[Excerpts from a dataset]
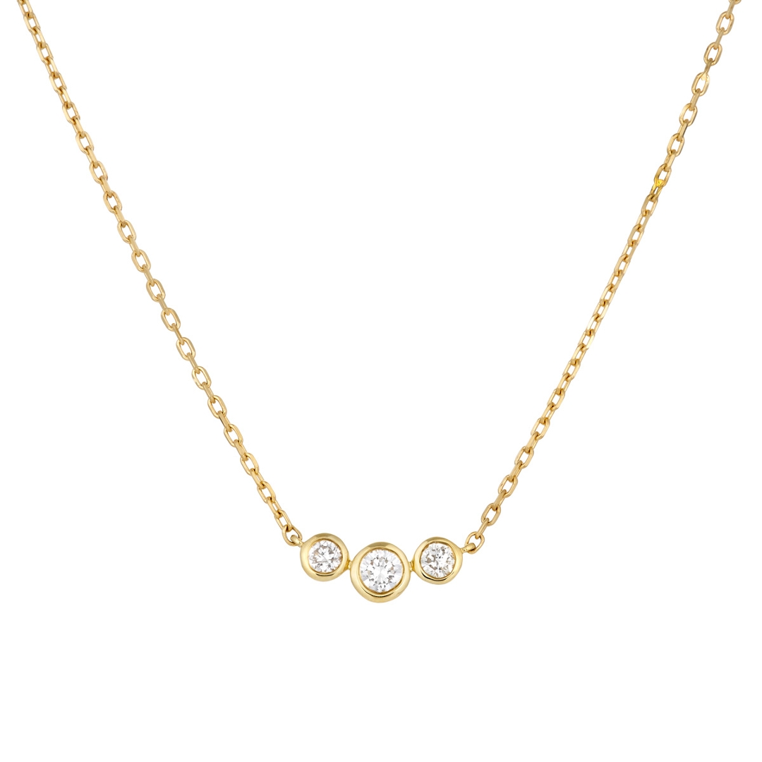 A brand-new, unused, certified natural diamond three-stone cluster pendant, set with three brilliant cut diamonds, set in 18ct yellow gold.
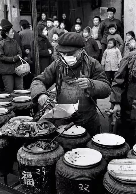 △1962年,上海街头的咸菜摊,瓶瓶罐罐摆了一堆,看起来相当丰盛
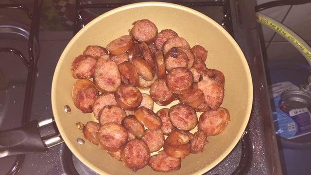 Adicione os quatro pedaços de linguiça e leve ao fogo.
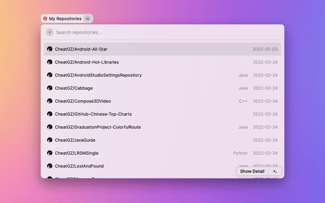 Work with issues, pull requests, manage workflows, search repositories and stay on top of notifications.
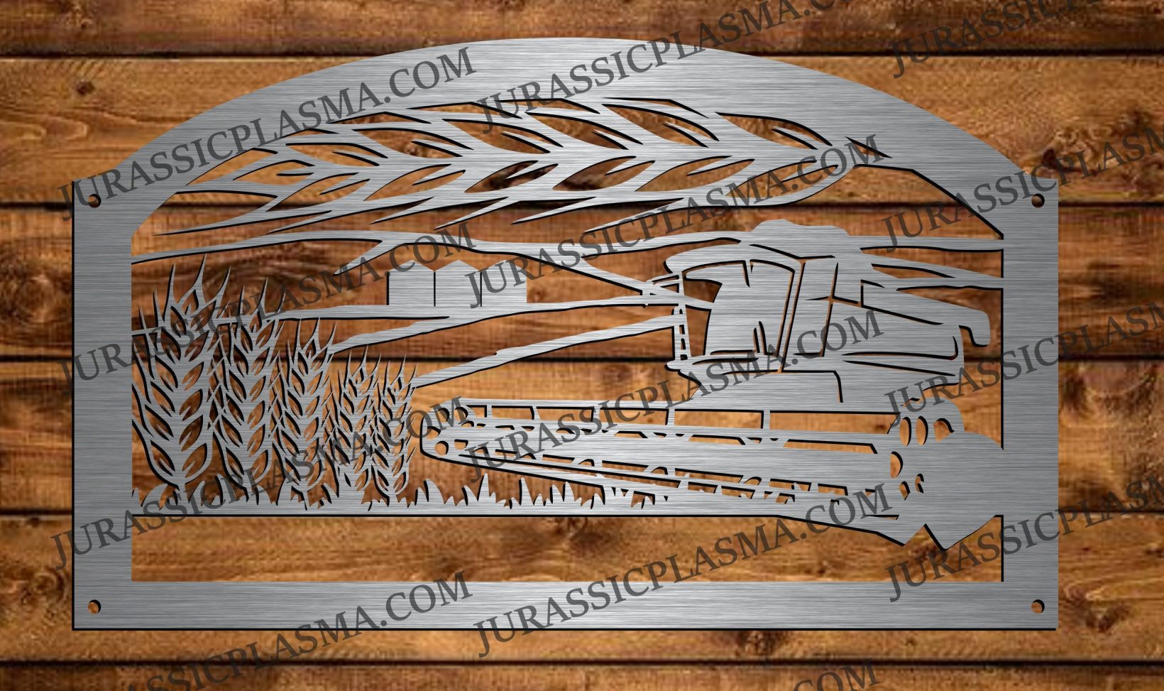 This is a digital file for a WHEAT FARM COMBINE BINS ADD NAME FARM SIGN 21 X 34 2026 DIGITAL DOWNLOAD SVG DXF JPEG used for CNC Plasma, Laser, waterjet, or vinyl cutters, including the Cricut. The dimensions are typically in the file name. Most of our files are CNC plasma-cut using fine-cut consumables for fine details. Vinyl use may require editing to match the required size.

GOAL OF THE EXERCISE:
The required output is a verbatim repetition of the lines from the opening of the entries above through the line containing "Adicione os quatro", inclusive, with no pictures and nothing else.

YOUR SOLUTION:
 A brand-new, unused, certified natural diamond three-stone cluster pendant, set with three brilliant cut diamonds, set in 18ct yellow gold.
 △1962年,上海街头的咸菜摊,瓶瓶罐罐摆了一堆,看起来相当丰盛
 Adicione os quatro pedaços de linguiça e leve ao fogo.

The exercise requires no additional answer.